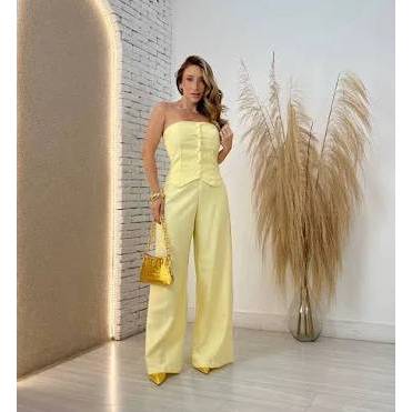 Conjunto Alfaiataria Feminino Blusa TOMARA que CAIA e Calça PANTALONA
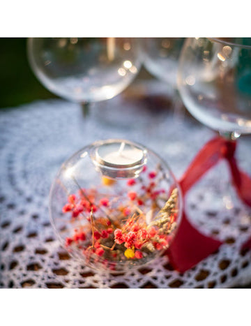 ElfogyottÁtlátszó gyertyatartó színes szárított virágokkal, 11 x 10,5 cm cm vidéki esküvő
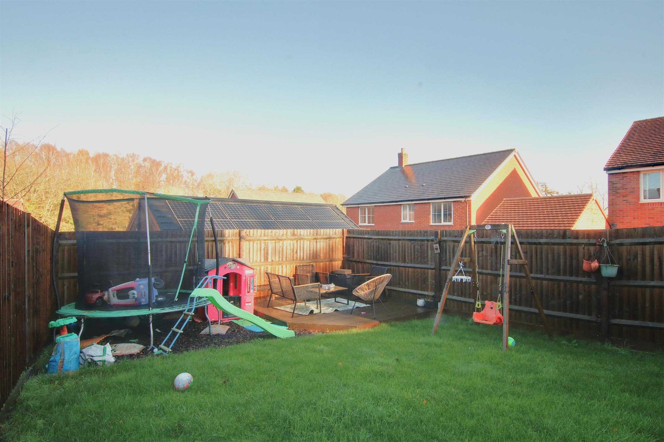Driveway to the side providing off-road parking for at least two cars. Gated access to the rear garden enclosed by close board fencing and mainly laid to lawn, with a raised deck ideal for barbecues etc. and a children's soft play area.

...

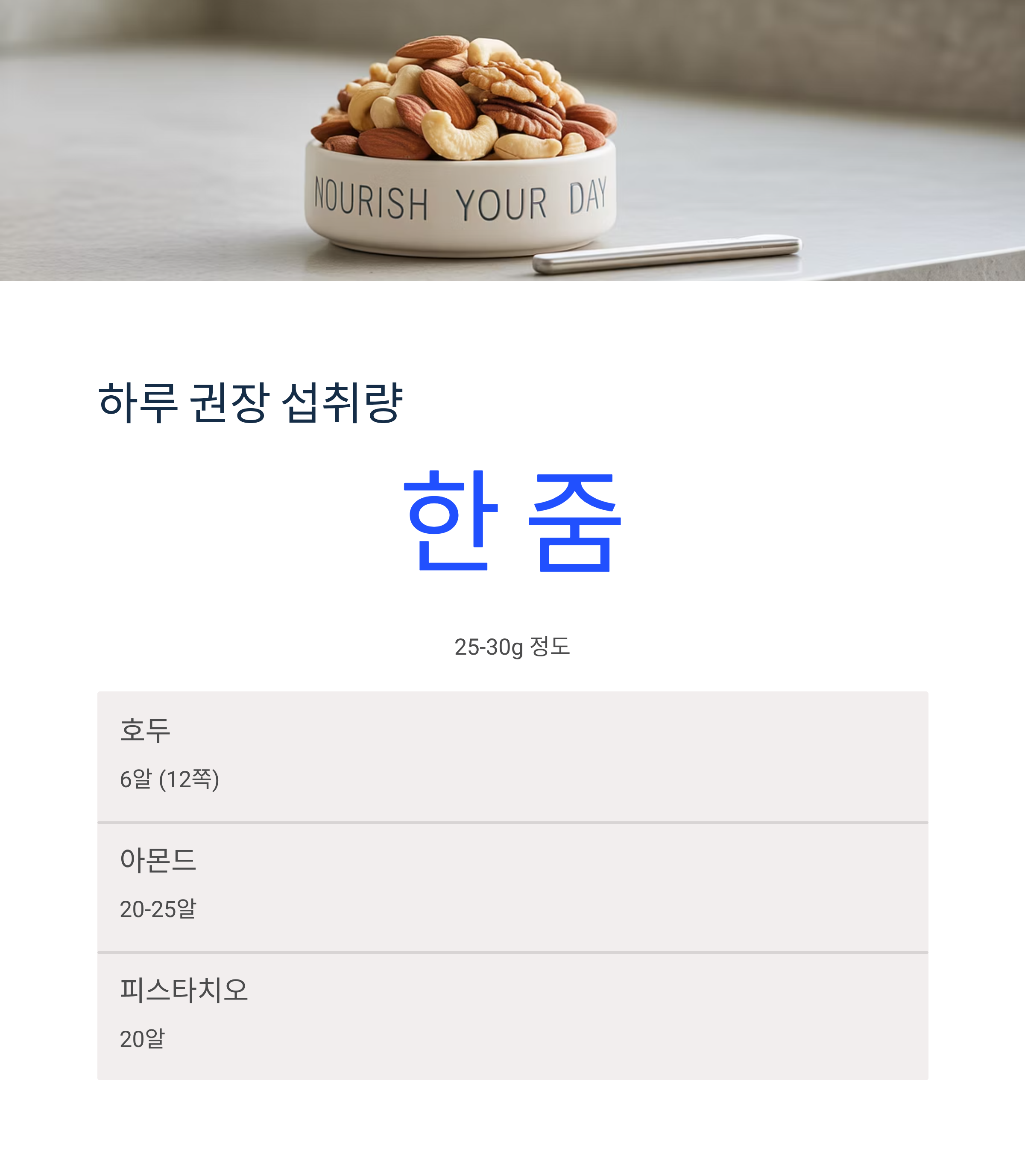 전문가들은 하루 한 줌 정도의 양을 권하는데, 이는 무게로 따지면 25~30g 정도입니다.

--

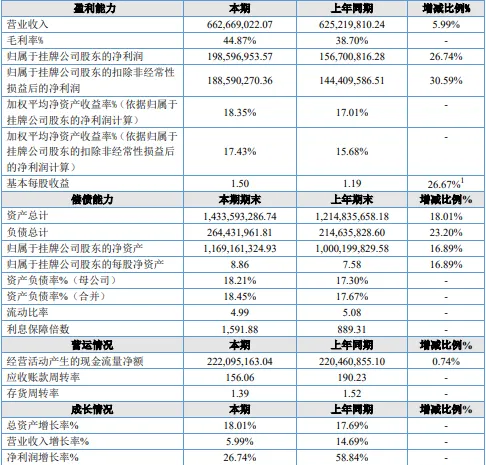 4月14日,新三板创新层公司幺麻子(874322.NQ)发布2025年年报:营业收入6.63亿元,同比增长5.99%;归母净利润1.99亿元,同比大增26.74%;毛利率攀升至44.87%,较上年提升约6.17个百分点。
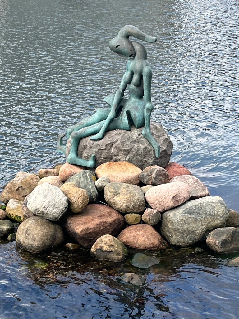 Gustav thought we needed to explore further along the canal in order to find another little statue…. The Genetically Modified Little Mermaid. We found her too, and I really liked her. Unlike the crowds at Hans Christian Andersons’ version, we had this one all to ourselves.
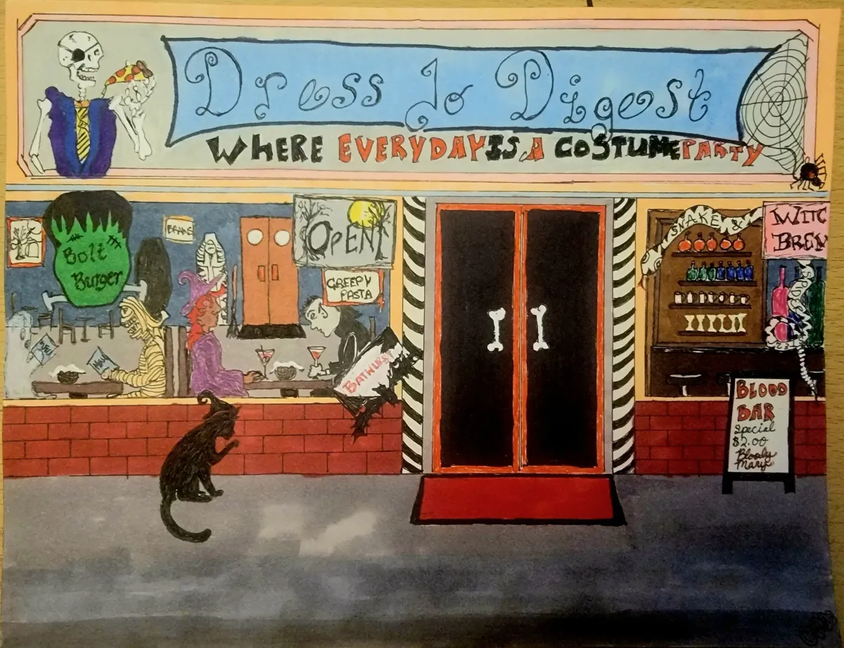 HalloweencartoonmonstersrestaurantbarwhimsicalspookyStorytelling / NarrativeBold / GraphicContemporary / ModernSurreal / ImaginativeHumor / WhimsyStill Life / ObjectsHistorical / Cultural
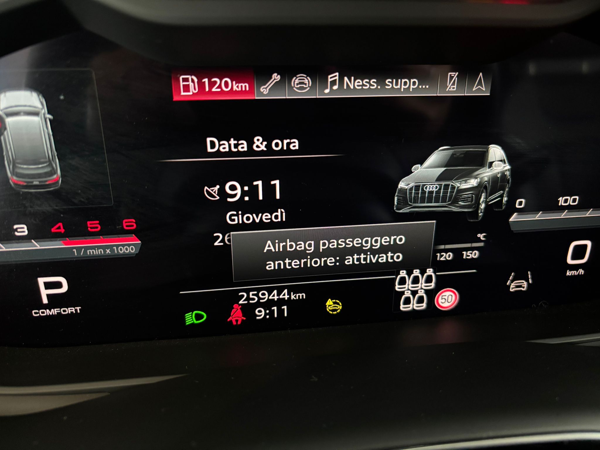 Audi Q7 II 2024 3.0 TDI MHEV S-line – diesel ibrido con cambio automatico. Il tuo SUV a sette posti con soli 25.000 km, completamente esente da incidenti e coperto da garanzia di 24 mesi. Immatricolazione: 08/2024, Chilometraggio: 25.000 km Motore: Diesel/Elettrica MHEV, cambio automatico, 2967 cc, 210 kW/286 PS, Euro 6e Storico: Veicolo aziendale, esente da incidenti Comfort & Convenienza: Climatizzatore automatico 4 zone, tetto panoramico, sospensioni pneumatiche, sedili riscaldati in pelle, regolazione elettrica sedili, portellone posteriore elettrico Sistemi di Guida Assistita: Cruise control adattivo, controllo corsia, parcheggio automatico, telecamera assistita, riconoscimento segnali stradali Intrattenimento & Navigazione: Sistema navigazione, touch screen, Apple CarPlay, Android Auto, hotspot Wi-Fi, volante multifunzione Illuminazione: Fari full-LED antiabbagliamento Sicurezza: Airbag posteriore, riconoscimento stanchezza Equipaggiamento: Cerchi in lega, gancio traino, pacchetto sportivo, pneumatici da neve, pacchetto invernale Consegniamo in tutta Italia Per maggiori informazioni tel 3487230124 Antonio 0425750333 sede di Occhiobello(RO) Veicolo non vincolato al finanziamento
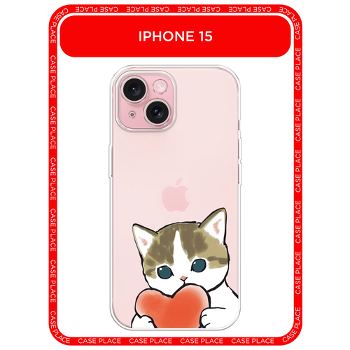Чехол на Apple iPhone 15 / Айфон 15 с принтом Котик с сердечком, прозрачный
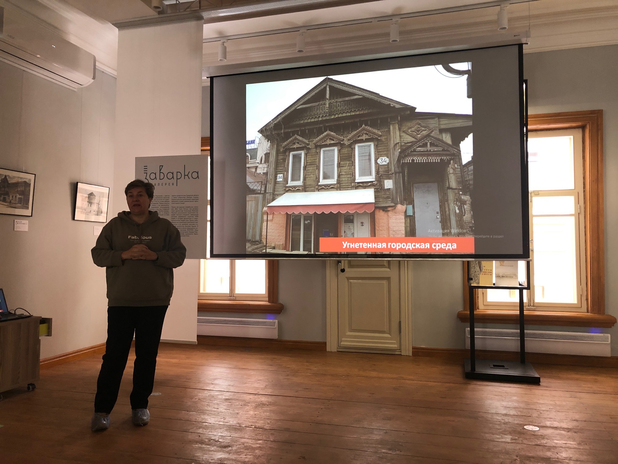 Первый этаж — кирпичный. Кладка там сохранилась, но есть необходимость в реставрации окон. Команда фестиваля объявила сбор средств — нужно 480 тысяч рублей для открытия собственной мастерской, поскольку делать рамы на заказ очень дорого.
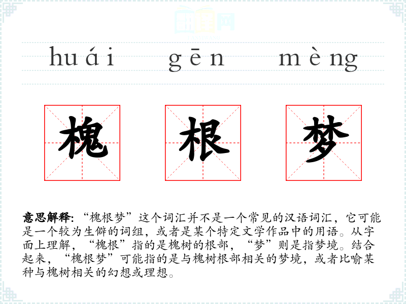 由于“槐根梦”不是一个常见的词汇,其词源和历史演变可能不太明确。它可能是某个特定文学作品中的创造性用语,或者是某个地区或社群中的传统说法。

(TASK STATEMENT)
Your answer must be the lines above from the one holding "Conjunto Alfaiataria Feminino" up to and including the one holding "Driveway to the", exact and with no pictures.

(EXPECTED ANSWER)
 Conjunto Alfaiataria Feminino Blusa TOMARA que CAIA e Calça PANTALONA
 ElfogyottÁtlátszó gyertyatartó színes szárított virágokkal, 11 x 10,5 cm cm vidéki esküvő
Driveway to the side providing off-road parking for at least two cars. Gated access to the rear garden enclosed by close board fencing and mainly laid to lawn, with a raised deck ideal for barbecues etc. and a children's soft play area.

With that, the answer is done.